:: MATERIAL PROVIDED ::
-------------------------

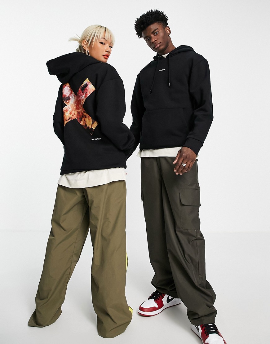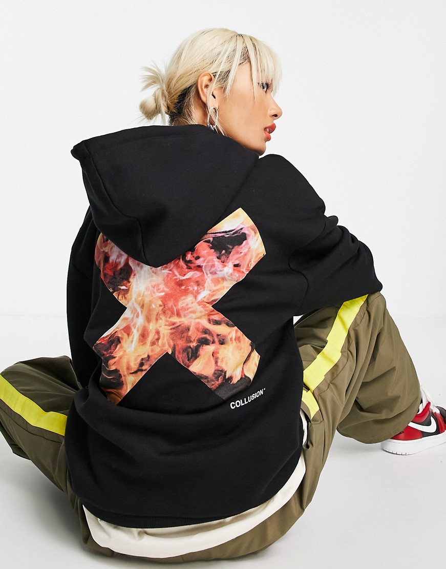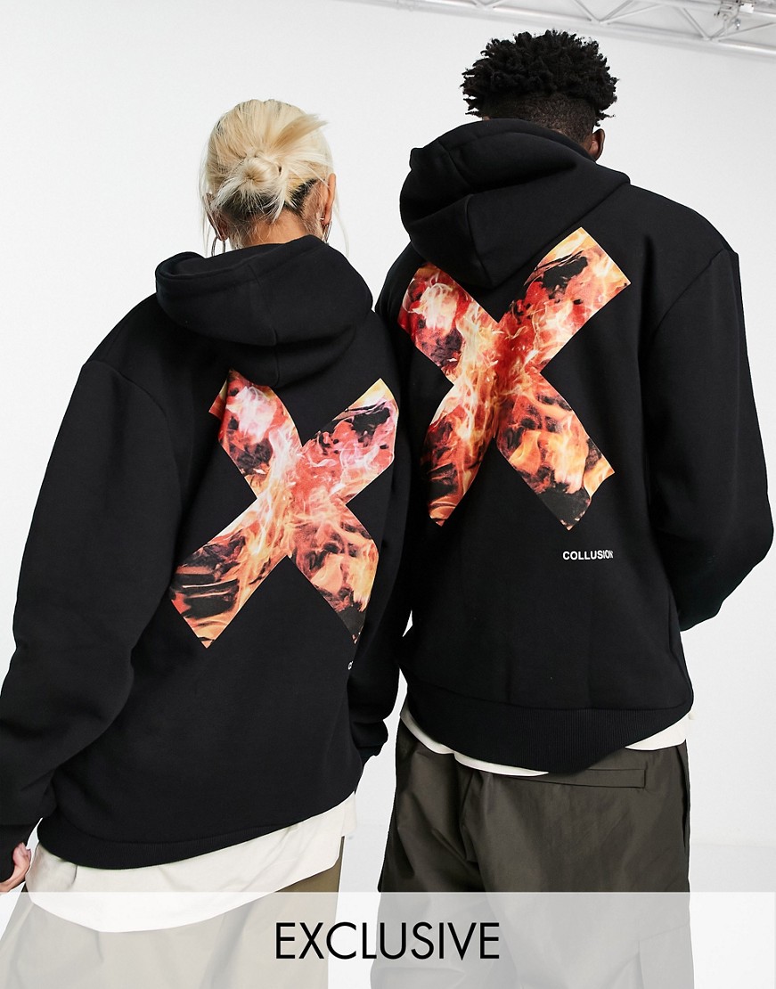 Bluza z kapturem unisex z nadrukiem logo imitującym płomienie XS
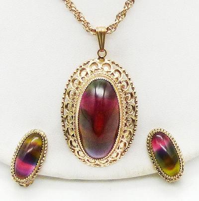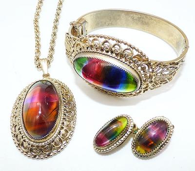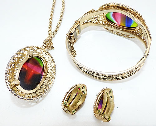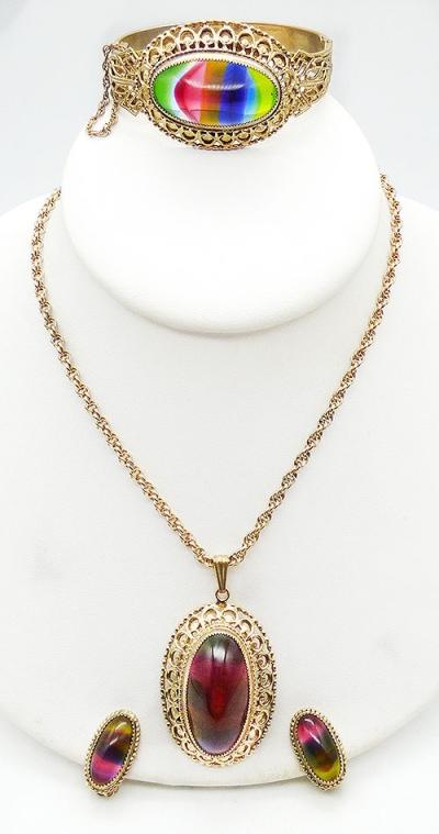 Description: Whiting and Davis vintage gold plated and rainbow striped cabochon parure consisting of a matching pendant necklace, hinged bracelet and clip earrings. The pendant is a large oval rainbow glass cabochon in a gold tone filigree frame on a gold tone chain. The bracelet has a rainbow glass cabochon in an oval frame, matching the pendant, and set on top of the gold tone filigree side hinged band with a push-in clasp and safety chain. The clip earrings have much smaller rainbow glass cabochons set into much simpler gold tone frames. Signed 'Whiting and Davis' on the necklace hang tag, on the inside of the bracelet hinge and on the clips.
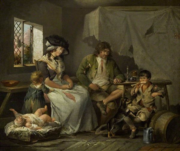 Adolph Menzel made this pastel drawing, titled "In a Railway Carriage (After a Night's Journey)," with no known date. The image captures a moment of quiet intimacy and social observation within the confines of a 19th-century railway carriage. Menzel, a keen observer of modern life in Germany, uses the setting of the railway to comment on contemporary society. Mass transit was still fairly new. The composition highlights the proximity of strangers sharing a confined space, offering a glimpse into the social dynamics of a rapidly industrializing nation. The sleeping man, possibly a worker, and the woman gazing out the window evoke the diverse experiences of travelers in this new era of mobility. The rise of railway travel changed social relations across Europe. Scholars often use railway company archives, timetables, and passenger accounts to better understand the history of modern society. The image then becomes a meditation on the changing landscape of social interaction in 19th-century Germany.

-------------------------

:: EXERCISE DIRECTIONS ::
Provide the lines again, unchanged, from where the data above begins through the line containing "Description: Whiting and", both ends included, omitting pictures and adding nothing.

:: ANSWER BOX ::
 Bluza z kapturem unisex z nadrukiem logo imitującym płomienie XS
 Description: Whiting and Davis vintage gold plated and rainbow striped cabochon parure consisting of a matching pendant necklace, hinged bracelet and clip earrings. The pendant is a large oval rainbow glass cabochon in a gold tone filigree frame on a gold tone chain. The bracelet has a rainbow glass cabochon in an oval frame, matching the pendant, and set on top of the gold tone filigree side hinged band with a push-in clasp and safety chain. The clip earrings have much smaller rainbow glass cabochons set into much simpler gold tone frames. Signed 'Whiting and Davis' on the necklace hang tag, on the inside of the bracelet hinge and on the clips.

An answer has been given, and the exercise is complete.